I really liked the idea behind this book, with people’s inherent talents and fortunes – both good and bad – translated into fairies. However, I’ve got to say that I had some issues with the book. I feel it had the potential to go a lot further than it did. Author Justine Larbelestier started to touch on several themes only to leave them hanging or gloss them over.

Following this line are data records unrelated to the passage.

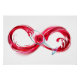 Infinity symbol of continuous stream of red wine pouring into glass wine glass on white background.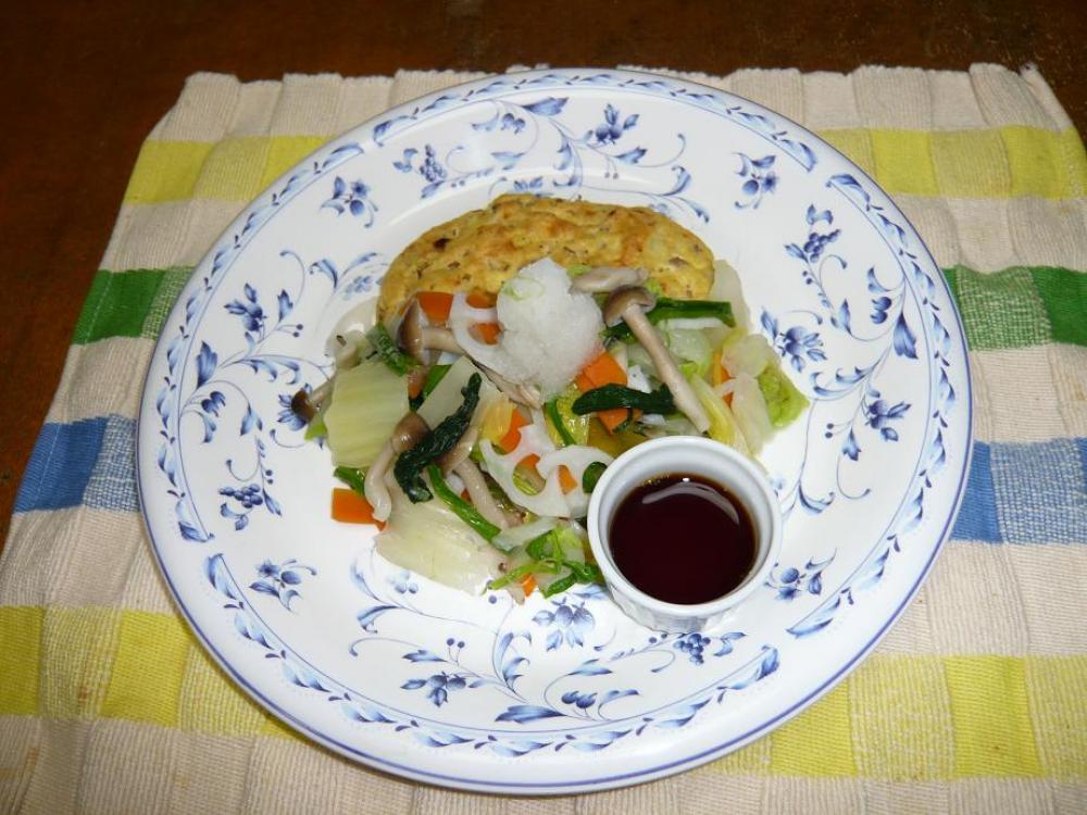 ![]() やさいは火の通りにくい物からボイル小松菜を混ぜ、おろしを作る。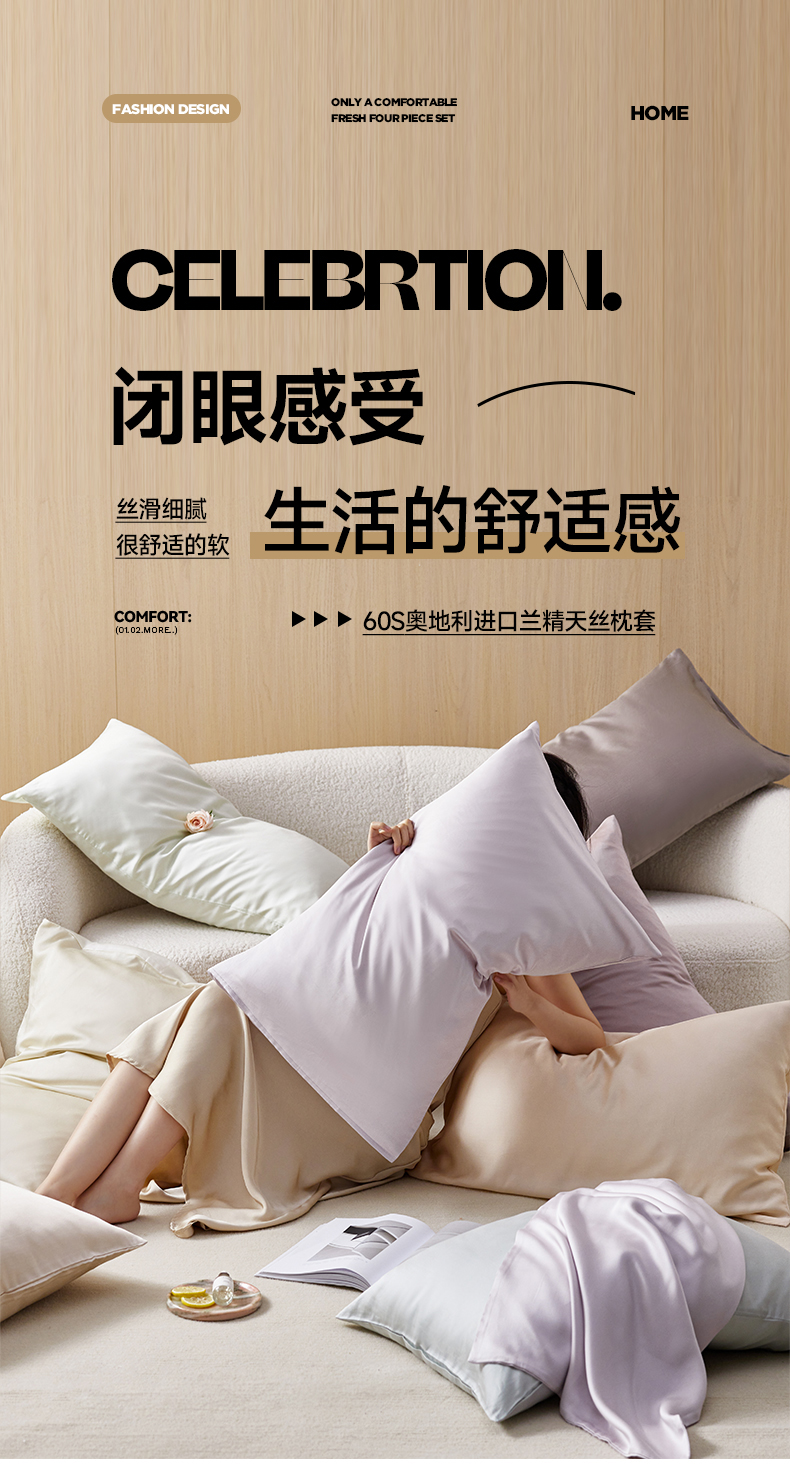 简纯主义 2025新款60s纯色天丝单品枕套系列 典雅玉粉
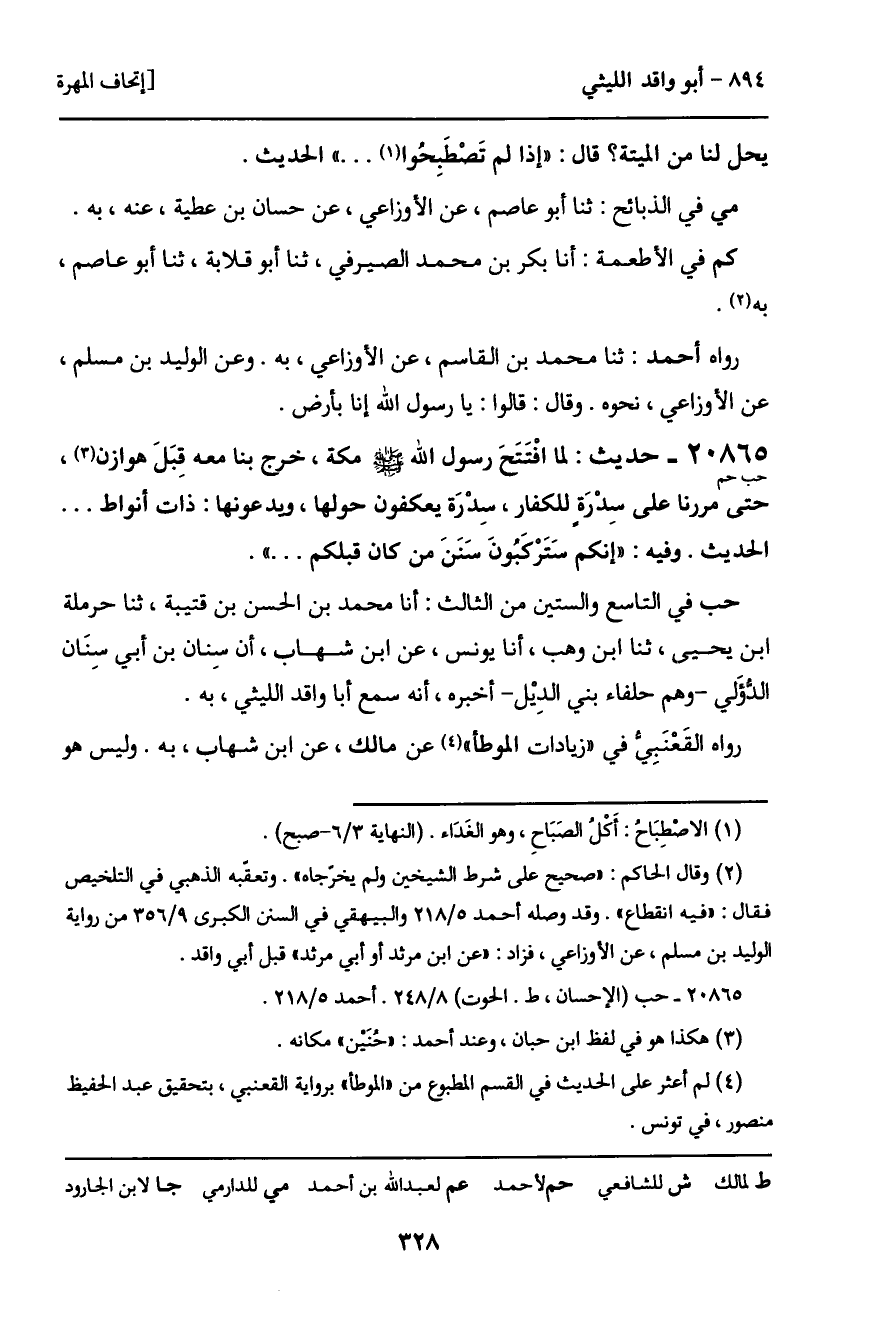 حب في التاسع والستين من الثالث: أنا محمد بن الحسن بن قتيبة، ثنا حرملة ابن يحيى، ثنا ابن وهب، أنا يونس، عن ابن شهاب، أن سِنان بن أبي سِنَان الدؤلي - وهم حلفاء بني الدِيْل - أخبره، أنه سمع أبا واقد الليثي، به.

What was written was reasonably well done – with one exception. Larbelestier seems to have gone to great lengths to incorporate the slang and phrases of her teenage characters but, rather than using current vernacular, has made up a language unique to New Avalon. While I can appreciate the attempt, I found it very jarring, and having to refer to the glossary simply to translate words for ‘cool’, ‘hideous’, and ‘beautiful’ was intrusive to the novel.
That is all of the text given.